Marge d’intervention de ceux de Groland ?
Benoît nous fait confiance et a toujours remercié le travail qu’on effectuait avec Guillaume. Parfois on échange sur des envies, et ça arrive qu’il case quelques films, mais il n’y a jamais eu de soucis de ce niveau-là. Quand il y a eu censure, elle venait plus des associations locales ou des politiques internes à la ville.
Des moments qui t’ont vraiment marqué ?
Trop ! Des projections magiques, des rencontres qui ont changé ma vie, des soirées épiques… J’ai déjà fait six éditions donc ça fait un paquet de souvenirs !
Programmateur (de films) bis
Tes premières armes en tant que programmateur ?
En fait, cela s’est toujours fait en parallèle à mes livres.
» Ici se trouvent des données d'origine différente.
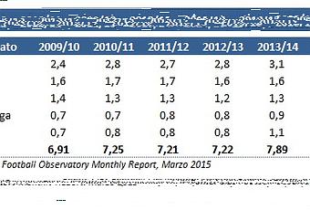 Rispetto alla situazione di partenza non è cambiato l'ordine assoluto delle competizioni, mentre si è modificato in forma importante il peso di ciascuna di queste. Serie A e Liga hanno fatto registrare un tasso di crescita sostanzialmente piatto fra il 2009/10 e la stagione in corso, mentre invece le altre tre competizioni sono cresciute in maniera sensibile.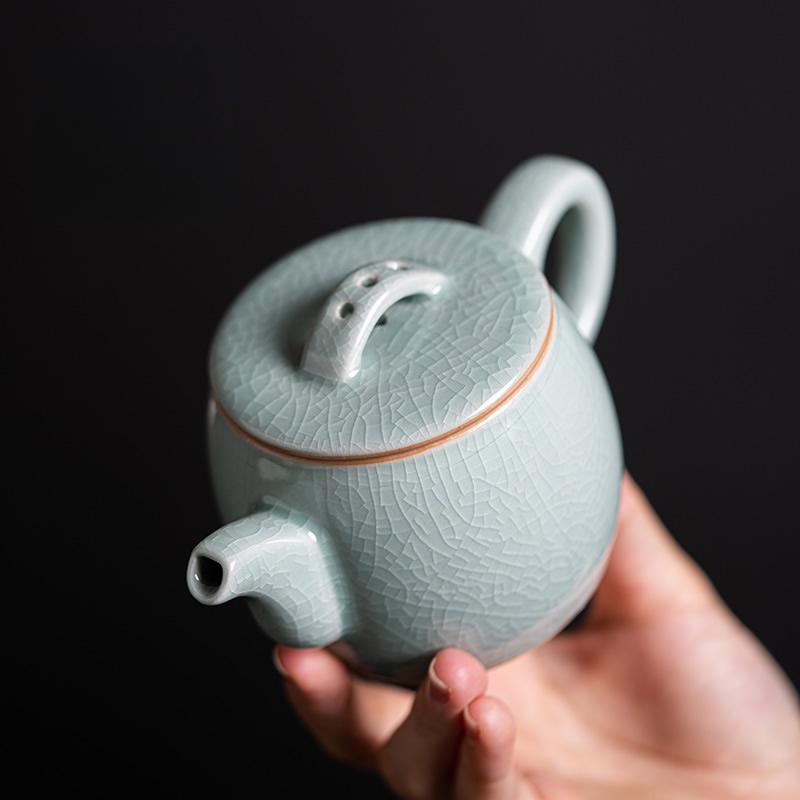 Powder Green Ru Kiln Teapot Single Pot High-grade Bright Glaze Ru Porcelain Retro Household Ceramic Kung Fu Tea Set

Je ne sais même pas quand j’ai commencé, mais sûrement au même moment où j’ai commencé à faire des bouquins il y a 10/15 ans en arrière.
Outre le Fifigrot, tu as eu au moins deux cartes blanches au LUFF, tu peux nous en dire plus ?
Le LUFF est un festival magnifique et ils m’ont offert deux de mes plus belles cartes blanches. Pour la première, Redneck is not dead, en lien avec mon livre Redneck Movies, on avait sélectionné les films Macon County Line, Pigs (Daddy’s Deadly Darling) dans un version hallucinante, The Other Side et le génial The Wild and Wonderful Whites of West Virginia pour lequel ils avaient fait venir le réalisateur, Julien Nitzberg, un gars super et plein d’humour avec qui j’ai adoré passer du temps.
Pour ma seconde carte blanche, ce mois d’octobre, je me suis focalisé sur les films-rêves en lien avec mon livre Potemkine et le cinéma halluciné qui sortira le 26 novembre chez Rouge profond. Il y aura quelques uns de mes films préférés de tous les temps : Un chant d’amour de Jean Genet, La Clepsydre de Wojciech Has, Cœur de verre de Werner Herzog, Christmas USA de Gregory Markopoulos, The Way To Shadow Garden de Stan Brakhage, Meshes of the Afternoon de Maya Deren et Alexander Hammid et Fragment of Seeking de Curtis Harrington. Beaucoup de films d’avant-garde américains de l’après-guerre, c’est une période que j’adore. Tous ces films sont reliés par leur dimension onirique que j’explore largement dans l’ouvrage à paraître.
Maxime Lachaud, archiviste, journaliste et artiste hors pair
D’après notre ami Bertrand Grimault*, programmateur éclairé, tu fais des interviews 7 jours sur 7, 22 heures, sur 24. Mais encore ?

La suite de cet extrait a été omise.